Segment Open
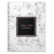 This elegant business themed notebook features a chic faux rose gold frame and lettering on black bordered by white marble. Personalise with your own name and profession. Designed by artist © Susan Coffey.
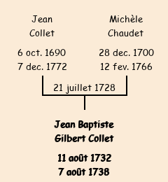 Père : Jean Gilbert Collet | Parrain : Sébastien Gilbert Collet (honnête, a signé) |
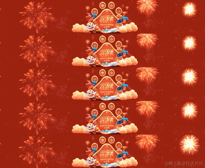 序列帧可以理解为跑马灯、具体实现方式是提供一张动画的帧序列拼图、通过 CSS 和 JS 控制它逐帧播放。跟交互动效不太一样、序列帧动画一般用在运营页面的动画里。举个例子、之前的春节活动里、我曾经做过一个序列帧动画。如下动图所示:
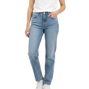 Details: High-rise waist with belt loops, zip fly, and single button closure; classic five-pocket construction with front hand pockets, coin pocket, and rear patch pockets, straight ankle-length leg, and a clean light wash finish that pairs easily with tees, sweaters, and jackets.
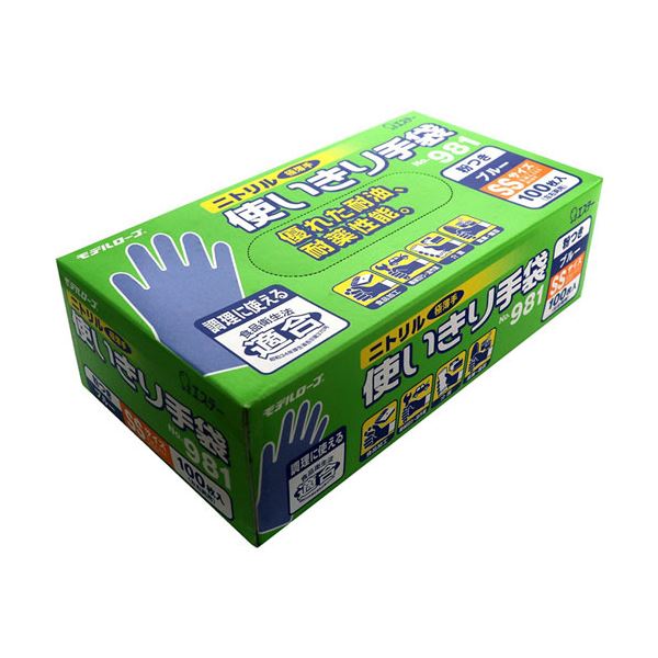 エステー モデルローブ No.981ニトリル使いきり手袋(粉付) SS ブルー 1箱(100枚) 【北海道・沖縄・離島配送不可】
Segment Closed
TO DO — Please retype, exactly as they appear, the lines from the one with "Père : Jean" through the final line of the material, both included, and drop any pictures.

RESPONSE TO THIS TASK —
 Père : Jean Gilbert Collet | Parrain : Sébastien Gilbert Collet (honnête, a signé) |
 序列帧可以理解为跑马灯、具体实现方式是提供一张动画的帧序列拼图、通过 CSS 和 JS 控制它逐帧播放。跟交互动效不太一样、序列帧动画一般用在运营页面的动画里。举个例子、之前的春节活动里、我曾经做过一个序列帧动画。如下动图所示:
 Details: High-rise waist with belt loops, zip fly, and single button closure; classic five-pocket construction with front hand pockets, coin pocket, and rear patch pockets, straight ankle-length leg, and a clean light wash finish that pairs easily with tees, sweaters, and jackets.
 エステー モデルローブ No.981ニトリル使いきり手袋(粉付) SS ブルー 1箱(100枚) 【北海道・沖縄・離島配送不可】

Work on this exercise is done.